My horribly snobbish opinion of them was reinforced by an unfortunate boy of my acquaintance who ate them often, and pronounced their name as “Fudg-icles”, the melting brown sludge gleefully smeared around his mouth. This unfortunate classmate also pronounced the word mirror as “meer”, had sweaty hands and was a rock thrower, so I was determined not to like them – I did mention I was a horrible snob as a child, didn’t I?
But I always loved homemade fruit popsicles, especially the satisfying slurping noise they make as they slide out of the mold, a hint at the juicy goodness to come. And I do love a chocolate covered ice cream bar. Oh, and a crunchy bittersweet chocolate granita, mmm.
So I think, with a bit of ingredient tweaking, I can learn to love the Fudgsicle.
And a quick search of the internet reveals how popular the Fudgsicle is. There are many recipe variations, but I particularly liked the sound of Megan’s (essentially a frozen ganache) at Take A Megabite.
After making the recipe, and filling a half dozen 3 ounce popsicle molds 2/3 of the way, with the ganache mixture, I left them to cool to room temperature while I made a raspberry puree to ripple through them.

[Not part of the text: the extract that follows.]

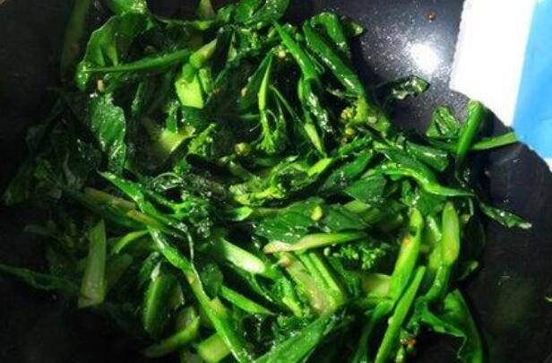 6、放入切好的芥兰叶,这样能保证杆和叶差不多同时熟,继续大火力翻炒3-5分钟。

- I used two cups of raspberries, mashed with a fork in a 4 cup glass measuring cup
- Add 3 Tablespoons of finely ground (Caster) sugar to berries, and mix well
- Heat in microwave oven on full power, in 30 second bursts, stirring well between, until fragrant, bubbling and slightly reduced in volume, about 3 minutes
- Allow to cool and thicken slightly
- Drop 3 or 4 heaping teaspoons (however much it takes to bring the level up to the fill line on the mold) of puree onto ganache in popsicle molds and, using a chopstick or thin knife, pull raspberry puree through ganache to create a ripple effect
- Freeze, as per recipe
I would recommend using frozen, thawed berries if you don’t have the luxury of getting them out of your back yard garden. My dear partner’s berry bushes are glistening with the fragrant fruit that wafted across my nostrils and started this whole post, so I will be getting mine from out the back door.

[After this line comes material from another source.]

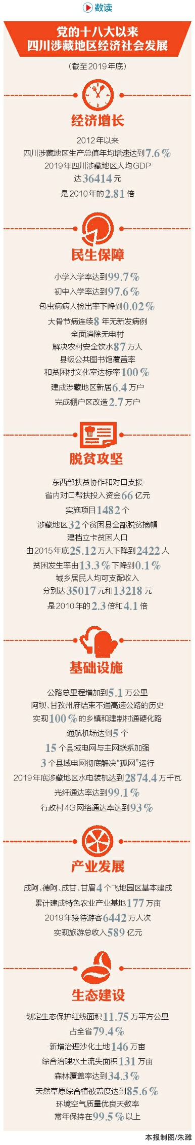 省委涉藏辦相關(guān)負(fù)責(zé)人告訴記者,近年來四川省涉藏地區(qū)加快發(fā)展特色優(yōu)勢產(chǎn)業(yè),推動全域旅游、高原農(nóng)牧業(yè)、清潔能源、民族手工藝等提質(zhì)增效。依托大熊貓、大九寨、大香格里拉、大草原等特色資源,涉藏地區(qū)大力發(fā)展全域旅游,“凈土阿壩”“圣潔甘孜”“大涼山”品牌影響力不斷提升,阿壩州、甘孜州成功創(chuàng)建首批國家級全域旅游示范區(qū),2019年接待游客6442萬人次、實現(xiàn)旅游總收入589億元。涉藏地區(qū)重點發(fā)展高原牦牛、特色果蔬、釀酒葡萄、優(yōu)質(zhì)青稞、道地中藏羌藥材、野生食用菌等產(chǎn)業(yè),基本建成成阿、德阿、成甘、甘眉4個飛地園區(qū);大力推進清潔能源建設(shè),水電裝機容量達到2875.6萬千瓦。截至2019年底,四川涉藏地區(qū)人均GDP達到36414元,是2010年的2.81倍;城鄉(xiāng)居民人均可支配收入分別達到35017元、13218元,接近全省平均水平,向2020年底實現(xiàn)全面同步小康邁出了堅實一步。

Frozen berries are usually packed with flavour, as they are flash frozen at their peak of ripeness. For this puree, you are mashing and heating them, so the frozen berries actually break down as well as, if not better than, the fresh.
We found that the dark chocolate was quite intense on its own. I think next time I would use a chocolate of 60% cocoa content (the one I did use was 72%). The raspberry ripple really made it for me, and the sweet/tart flavour of the berries balanced the intensity of the dark chocolate really well.

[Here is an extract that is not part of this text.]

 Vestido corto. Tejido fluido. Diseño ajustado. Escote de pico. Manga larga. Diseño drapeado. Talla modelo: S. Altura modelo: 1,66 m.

Also on Megan’s website is a recipe for dairy-free fudgsicles, using coconut milk. I was grateful to find this. Elder Son’s dear friend has Celiac Disease and cannot eat wheat gluten or dairy products, so these days I always have a weather eye out for recipes she will be able to enjoy with us. I love anything made with coconut milk, and I found these even tastier than the dairy version. Next time I will ripple them, as well! The recipe made 8, using a 2 ounce popsicle mold.
Since I had one more popsicle mold left, as well as leftover heavy cream and thinking “In for a frozen penny, In for a Pound”, I made another slight variation, using the original recipe, but using 1 teaspoon cocoa, 1 teaspoon cinnamon and one teaspoon sugar, instead of 1 Tablespoon cocoa. These were also tasty, and next time, I would try adding some liquid coffee to replace some of the milk.
All three of these Fudgsicle recipes came together in under an hour, and were in the freezer by the time the first sleepyhead made his appearance for the day.
So, my apologies to the long maligned (by me) Fudgesicle. Which just goes to show that people can change – myself, I mean. I hope I am not as stuck up as I was as a kid.
And perhaps if I were to run in to that long forgotten classmate of mine, I might also find him a distinguished and lovely man
… as long as he’s stopped throwing rocks.